On February 13, 2014, the California Attorney General issued an opinion that continuous videotaping surveillance of truck drivers did not constitute a misdemeanor under Labor Code section 1051 when the video file is inspected by a third party who is an agent of the driver's employer and the videotape surveillance is for the sole benefit of the driver's employer. 

Labor Code section 1051 provides, in pertinent part, that any person who requires, as a condition precedent to securing or retaining employment, that an employee or applicant be photographed for the purpose of furnishing the photograph to any other employer or third person, and the photograph can be used to the detriment of the employee, is guilty of a misdemeanor.

In the municipal and commercial transportation industry, there is a common practice of using video cameras to record the actions of a truck or bus driver.  Such cameras are usually operated by a third party, the system operator, who is under contract with the driver's employer.  The footage is usually recorded in a continuous loop.  When there is a "triggering event" such as hard braking, swerving or a collision, the video is saved and made available to the driver's employer.  System operators usually hold the video recording confidentially and only make the recording available to the driver's employer. 

The Attorney General concluded that the practice described above does not violate Labor Code section 1051.  The Attorney General found that the intent of section 1051 was to prohibit the practice of blacklisting certain employees, or only allowing certain individuals into a particular trade.  The Attorney General noted a prior 1984 decision which held that section 1051 barred the taking of fingerprints and photographs by an employer for the purpose of furnishing them to a third party where the Los Angeles Olympic Organizing Committee was taking photographs and fingerprints of applicants and delivering them to a law enforcement agency in order to obtain criminal history information.  However, the Attorney General views that decision as a "narrow one."

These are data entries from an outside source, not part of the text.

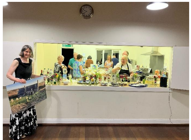
Some of our volunteers helping at the cheese and wine evening
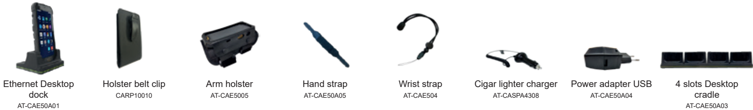
Ethernet Desktop dock AT-CAE50A01

Classic smartphone design but very rugged, Qualcomm processor, USB C.
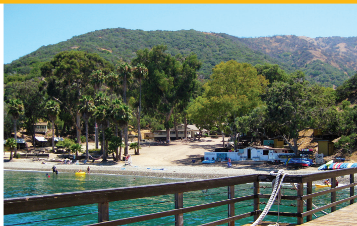
InterVarsity's Campus by the Sea Catalina Island, CA
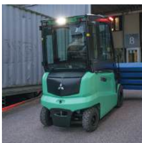
Automatic parking brake with hill hold

Everything about EDiA EX inspires confidence. Our design team worked to build something that's robust yet nimble, technologically advanced yet completely intuitive to control. EDiA gives you confidence to do the job knowing it'll always be up to the task, every time. With Four Wheel Steering and impressive residual capacities you get big-truck performance that works in tight spaces. And AutoBoost means you'll never feel like you're lacking power.
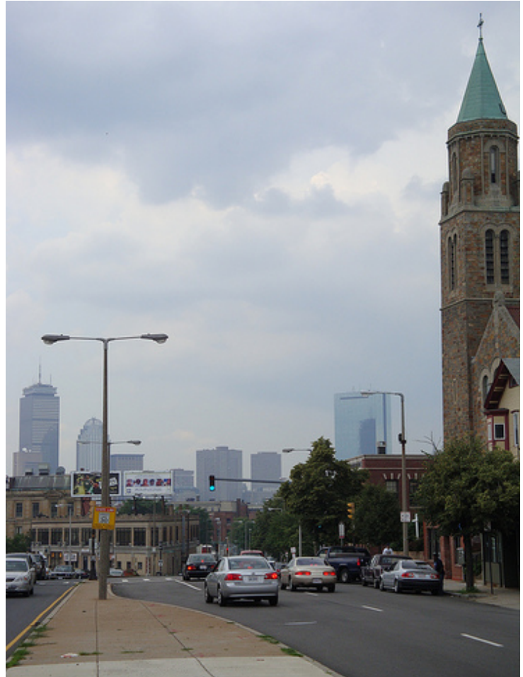
View from Warren Street in Roxbury

As part of team, Planners Collaborative analyzed land use and development impact issues, the socio-economic characteristics of the community, urban design and streetscape improvements, pedestrian safety needs at major intersections along the Columbus Avenue corridor, and signage needs. In examining the major development proposals in and adjacent to the community, Planners Collaborative supported the project team for preparing a build-out analysis. This build-out analysis was then used to test different growth scenarios, their potential impact on traffic in the corridor, and steps that could be taken to control the associated impacts.
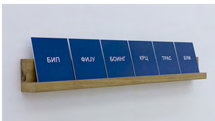
Noises (бука) 2017 6 Traffolyte engraved panels, wooden stand 17 x 100 x 12cm
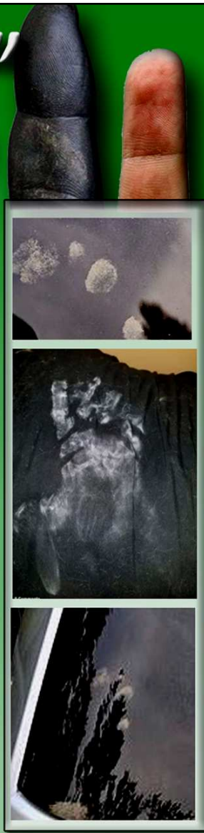
All photos used under the fair use doctrine for scientific purpose

- In Discussing this with Researcher's Michael Waldie & Shelly Covington-Montana about this situation concerning a white face print left on glass, she decided to coin the new Citizen Science term to describe this material as: "Sasquatch Alba Vernix" Alba means white and Vernix is the thick waxy oil like substance Babies are covered in when in the womb, it is a highly protective material. Please contact Shelly through Facebook for more info and proper collection kits. After careful photography, It may be historic to collect it for future analysis for both chemical compounds and DNA. Plus the print and friction ridges have scientific importance. I can also be contacted through Facebook. Kind Regards, Doug Hajicek
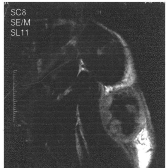
Fig. 1. A magnetic resonance T1-weighted image showing a well-defined solid tumour with slightly hyperintense periphery and hypointense centre, in contact with the deltoid and the triceps muscles, that was histologically proven to be a grade III leiomyosarcoma.

mately 5 x 6 cm 2 when he was seen in clinics 4 months later (Fig. 1). The mass was hard, firmly attached to the surrounding tissues and mildly painful at palpation, and the overlying skin was warm and
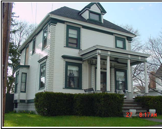
22 Trumbull Pkwy 180200 84.051-2-36

Neighborhood: 700 Property Class: 210 - 1 Family Res Sale Date: 4/14/2022 Sale Price: $ 100,000 Prelim 2024 Land Asmt: $ 23,900 Prelim 2024 Asmt: $ 113,000 Building Style: Old Style Exterior Wall: Wood Year Built: 1909 Basement Type: Full Grade: Average Condition: Normal SFLA: 1,512 Sale Price/SFLA: $ 66.14 Number Bedrooms: 4 Number Baths: 1.5
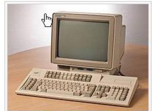
IBM 3486 Terminal, a later terminal with 5250 functionality, capable of supporting two independent sessions concurrently, and with an amber screen. The original 5251-1 had a much smaller keyboard. [1]
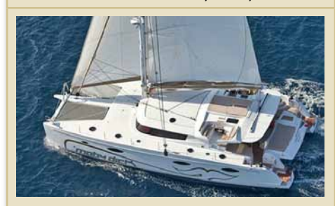
MOBY DICK 19.81 m 10/3 West Mediterranean – Carribean 26,000/22,000 €/week
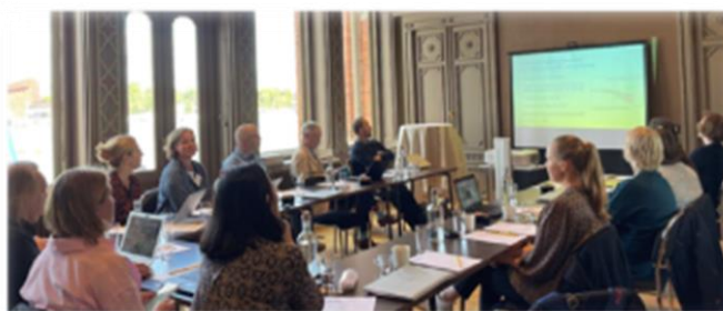
Pic: Senior Researcher workshop
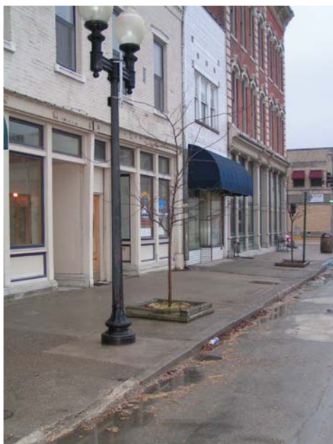
Hannibal Mark Twain Area Restoration Project City of Hannibal

Historic Preservation: This category provides funding for preservation of buildings and facades in historic districts, restoration and reuse of historic buildings for transportation-related purposes and pedestrian access improvements to historic sites and buildings.
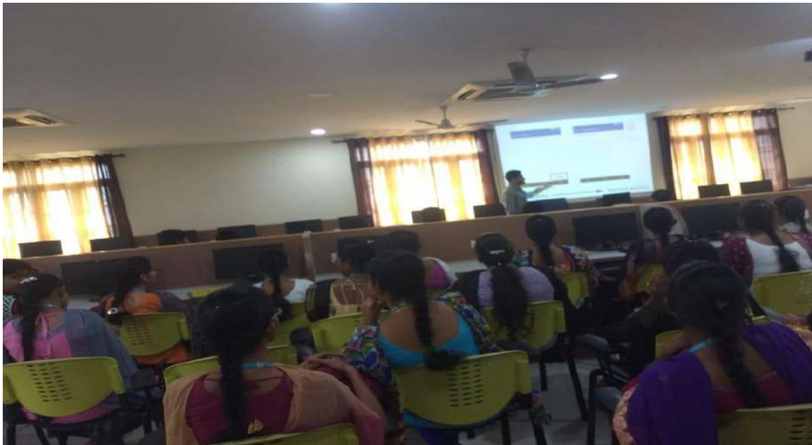
Workshop on E-Learning on 22-10-17
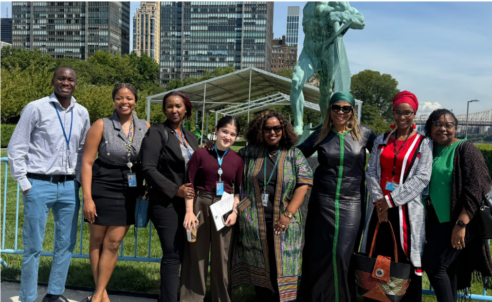
▲ Representatives who attended the UNDP meeting.

According to UNDP, such reforms are aimed at reducing barriers to justice, especially for vulnerable groups, and fostering greater social
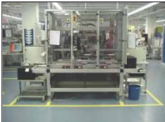
Fig. 2 Just a small part of the extensive, highly automated production facilities at Papst's St.Georgen factory

Production is very highly automated using state-of-the-art technology. This results in high product quality and efficient volume production.
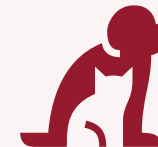
Pets or Insects
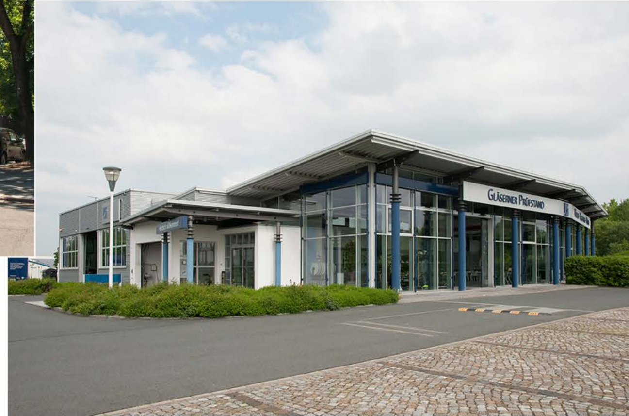
FSD – Central Agency for PTI in Germany
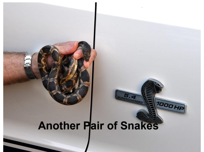
Another Pair of Snakes
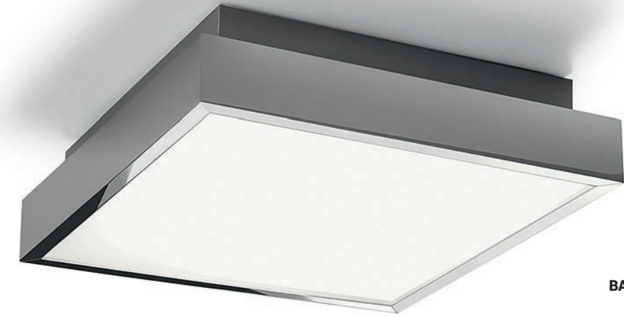
BASSA LED 9500 CH
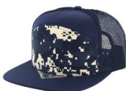
NAVY DIGI CAMO / NAVY/NAVY
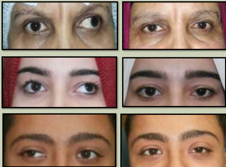
M R Resection
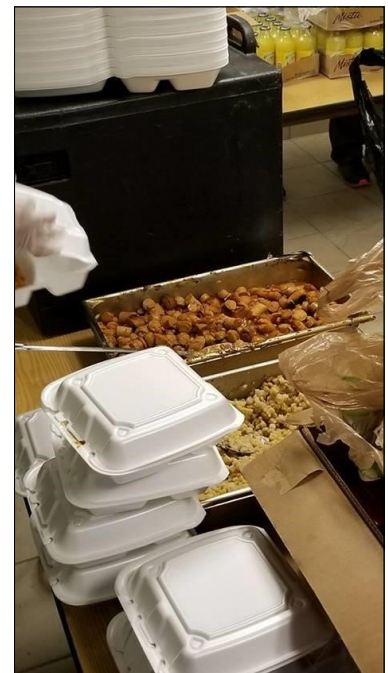
Hot meals are ready to go.
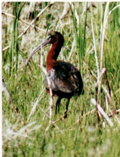
Apparently dark-eyed, and with its face apparently outlined with pale skin, not pale feathers, this ibis was identified as an adult Glossy Ibis. Appearing in Jefferson County, Kansas, on May 3, 1992, it furnished a first state record.
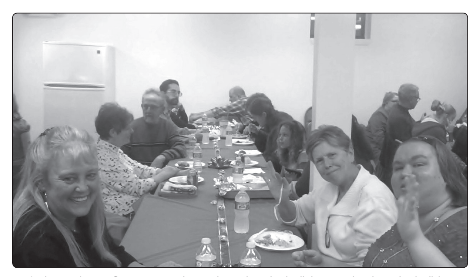
Independence Square members shared potluck dishes and enjoyed a holiday dinner on December 15 in the clubhouse.

Then, watch the car from a window or door while it is warming up.

The AG Office also stated that section 1051 does not stand as a universal barrier to the use of photographs or fingerprints for ensuring safety in the workplace.  It described the statute as "outdated."  In any event, the Attorney General concluded that section 1051 was not violated because the videotapes were transferred by an agent of the employer to the employer itself, and thus it was not given to any "other employer or third person" as required by the statute.  The Office concluded that section 1051 is not violated when an employer requires on-the-job videotaping of its employees for the employer's own use. 

Note:

The tension between privacy rights and safety is addressed by this Attorney General opinion, which though not binding upon the courts can be cited as persuasive authority.   In a case handled by Steve Berliner and James Oldendorph of our Los Angeles office, the Los Angeles County Superior Court ruled that Metrolink's installation and operation of an audio and video monitoring system in the cabs of Metrolink locomotives did not violate the locomotive engineers' privacy rights, due process rights, and that the actions were not preempted by state law.

Ops.Cal. Atty Gen. No. 12-1101 (February 14, 2014) [2014 WL 587948].